Half-precessional dynamics of monsoon rainfall near the East African Equator

External climate forcings-such as long-term changes in solar insolation-generate different climate responses in tropical and high latitude regions(1). Documenting the spatial and temporal variability of past climates is therefore critical for understanding how such forcings are translated into regional climate variability. In contrast to the data-richmiddle and high latitudes, high-quality climate-proxy records from equatorial regions are relatively few(2-4), especially from regions experiencing the bimodal seasonal rainfall distribution associated with twice-annual passage of the Intertropical Convergence Zone.

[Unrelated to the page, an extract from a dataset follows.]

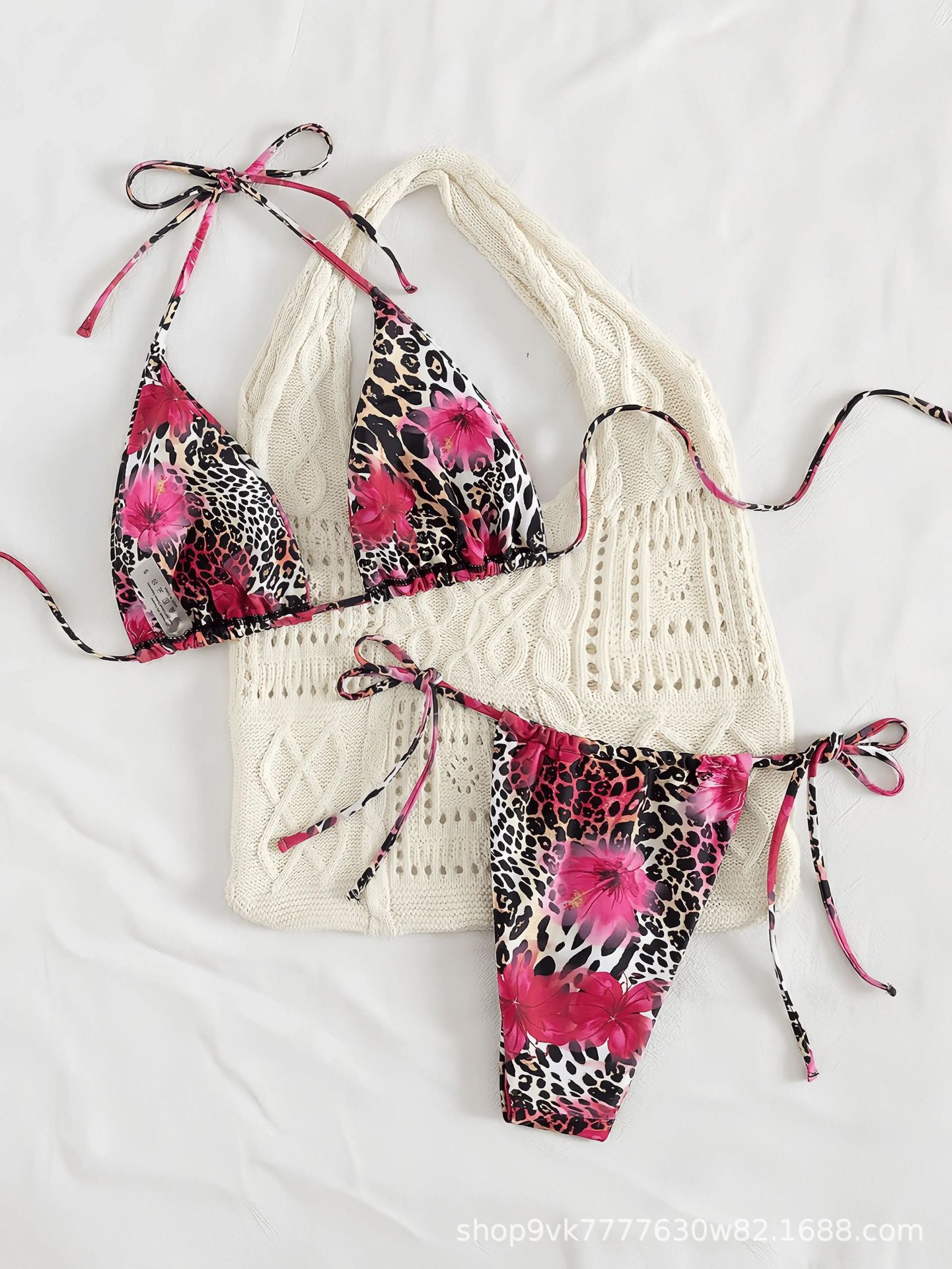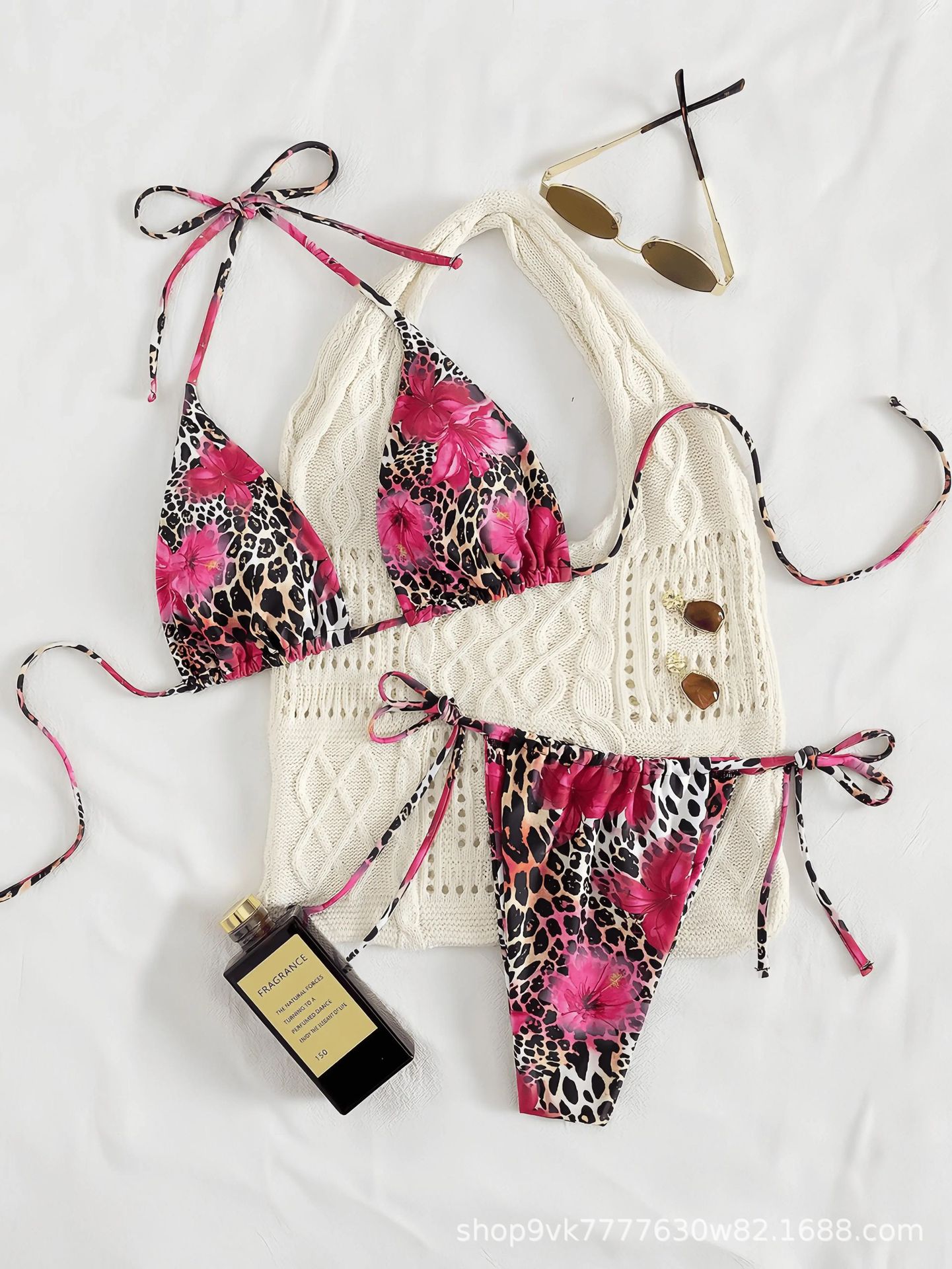 2025 레오파드 프린트 섹시한 백 레이스 업 비키니 보헤미안 수영복 여성 비치 홀리데이 도매스토어 가기

Here we present a continuous and well-resolved climate-proxy record of hydrological variability during the past 25,000 years from equatorial East Africa. Our results, based on complementary evidence from seismic-reflection stratigraphy and organic biomarker molecules in the sediment record of Lake Challa near Mount Kilimanjaro, reveal that monsoon rainfall in this region varied at half-precessional (similar to 11,500-year) intervals in phase with orbitally controlled insolation forcing. The southeasterly and northeasterly monsoons that advect moisture from the western Indian Ocean were strengthened in alternation when the inter-hemispheric insolation gradient was at a maximum; dry conditions prevailed when neither monsoon was intensified and modest local March or September insolation weakened the rain season that followed. On sub-millennial timescales, the temporal pattern of hydrological change on the East African Equator bears clear high-northern-latitude signatures, but on the orbital timescale it mainly responded to low-latitude insolation forcing. Predominance of low-latitude climate processes in this monsoon region can be attributed to the low-latitude position of its continental regions of surface air flow convergence, and its relative isolation from the Atlantic Ocean, where prominent meridional overturning circulation more tightly couples low-latitude climate regimes to high-latitude boundary conditions.